> Work to be completed
The required output is every line from the one containing "Huitan Сверкающие женские" through the last line of the listing below, copied exactly, pictures excluded.

> Collected data
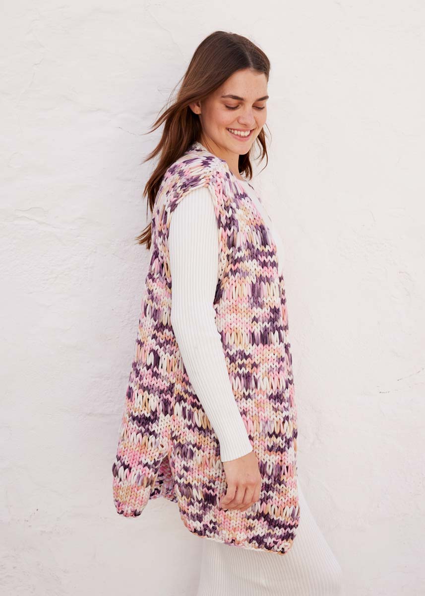 Lana Grossa „Gelato“ (52% Baumwolle, 48% Polyamid (rec.), Lauflänge 80 m/100 g), 700 (900) g in Pflaume/Rosa/Beige/Rohweiß (Fb. 11); Stricknadeln Nr. 15.
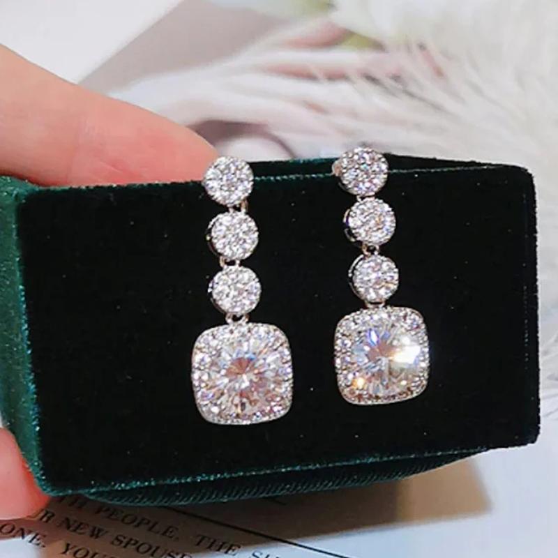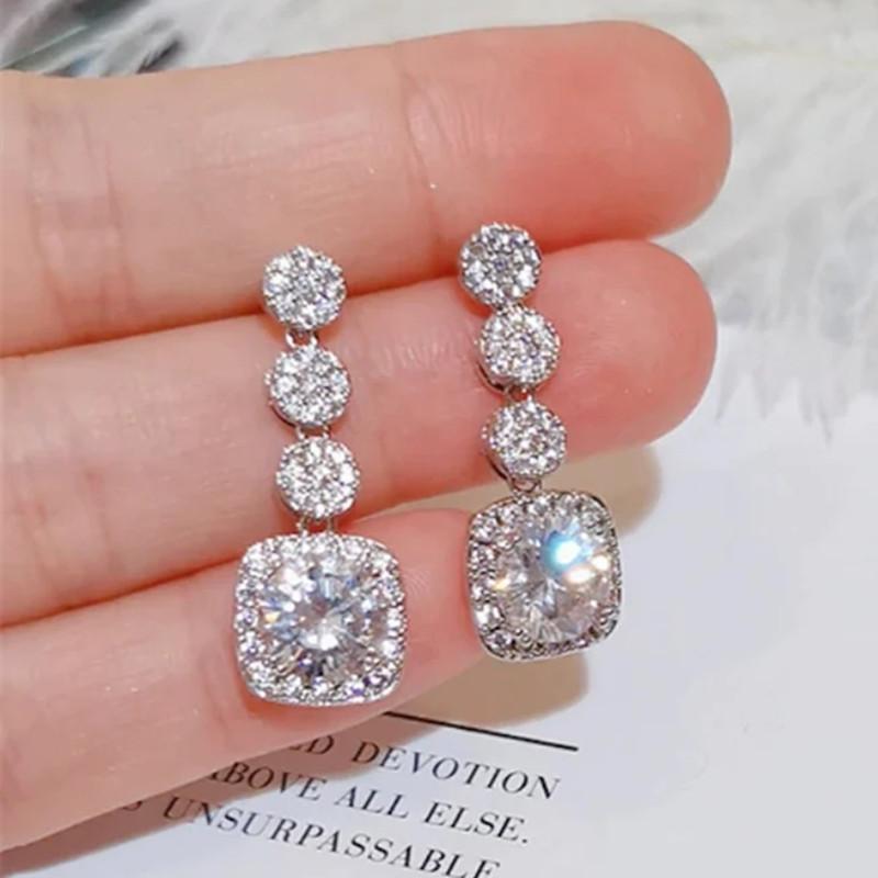Huitan Сверкающие женские серьги-подвески с кубическим цирконием ААА, серебристого цвета, изысканные женские аксессуары, свадебная модная бижутерия
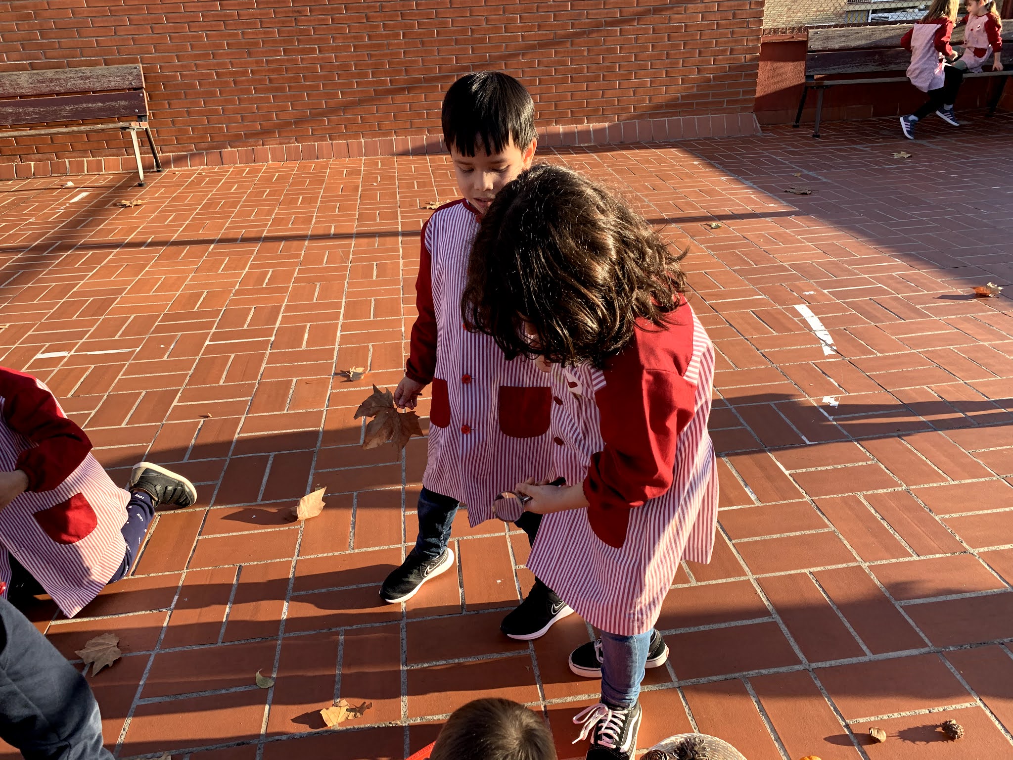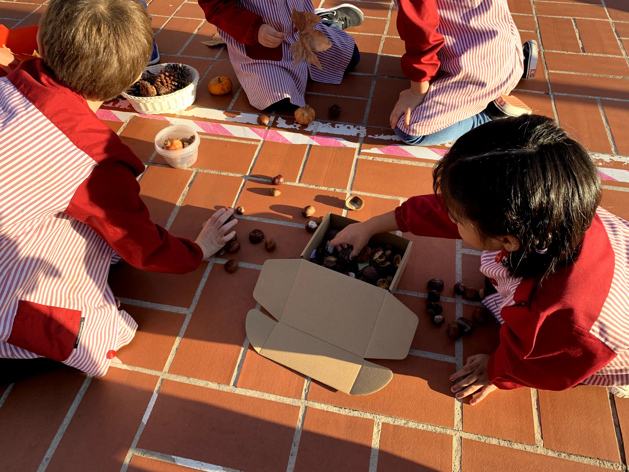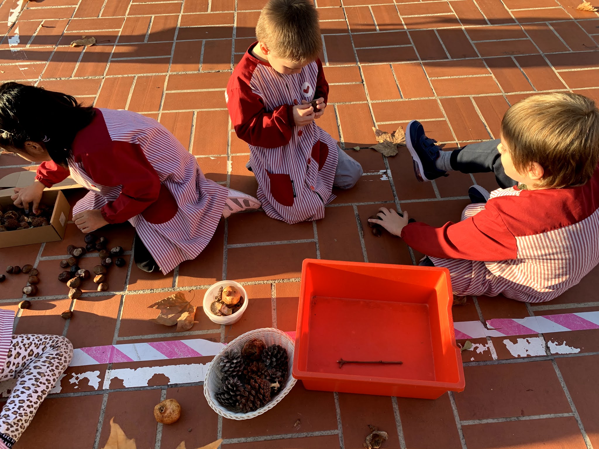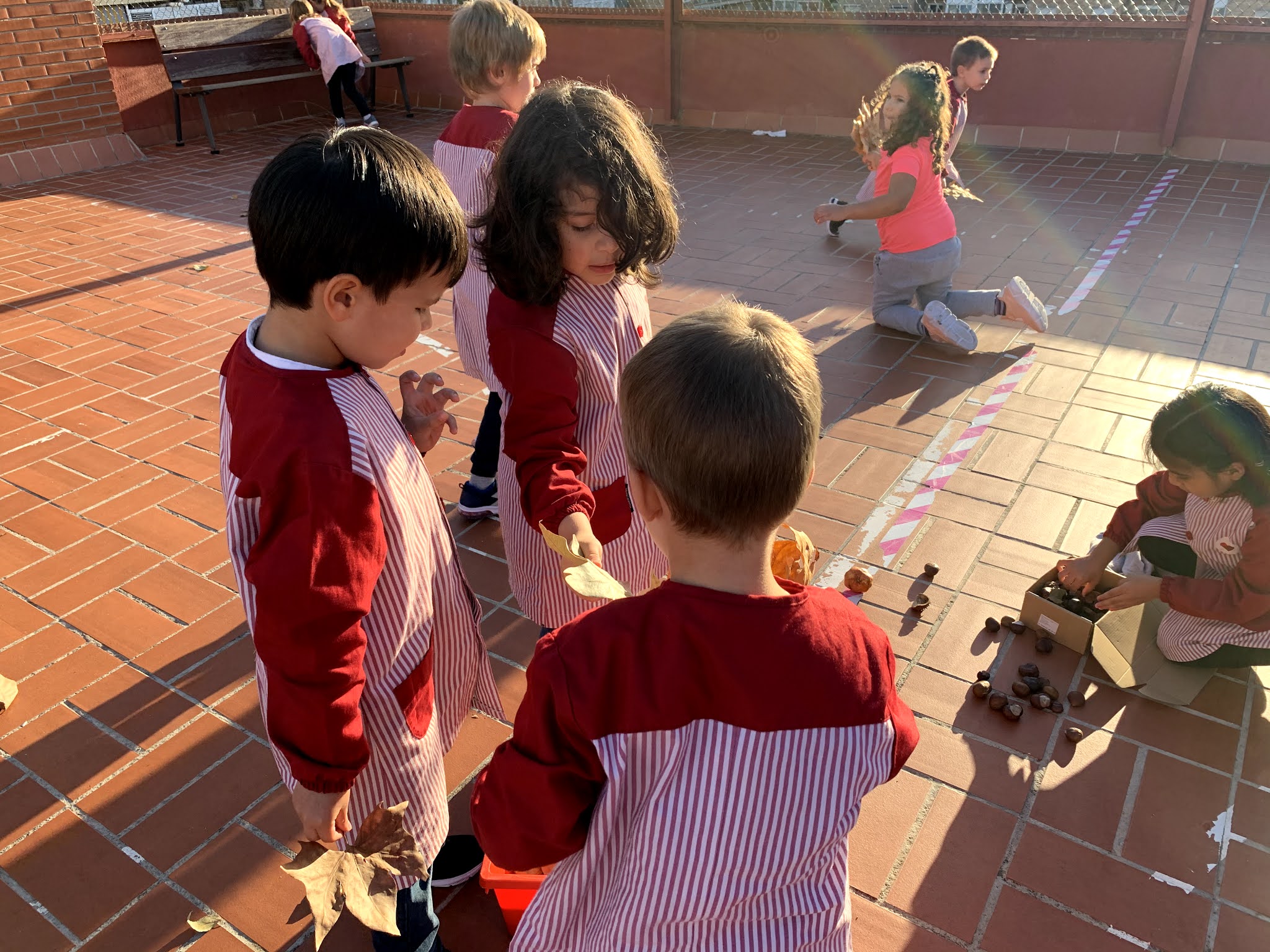 Els alumnes de les dues classes de P5 ens hem començat a acomiadar dels elements de la tardor que havíem anat recollint durant aquestes setmanes. Comença a fer fred i s’acosta un canvi d’estació que ens fa aprofitar uns últims dies experimentant amb les fulles, les pinyes, els aglans, les castanyes, els pellons…

> Response to this exercise
Huitan Сверкающие женские серьги-подвески с кубическим цирконием ААА, серебристого цвета, изысканные женские аксессуары, свадебная модная бижутерия
 Els alumnes de les dues classes de P5 ens hem començat a acomiadar dels elements de la tardor que havíem anat recollint durant aquestes setmanes. Comença a fer fred i s’acosta un canvi d’estació que ens fa aprofitar uns últims dies experimentant amb les fulles, les pinyes, els aglans, les castanyes, els pellons…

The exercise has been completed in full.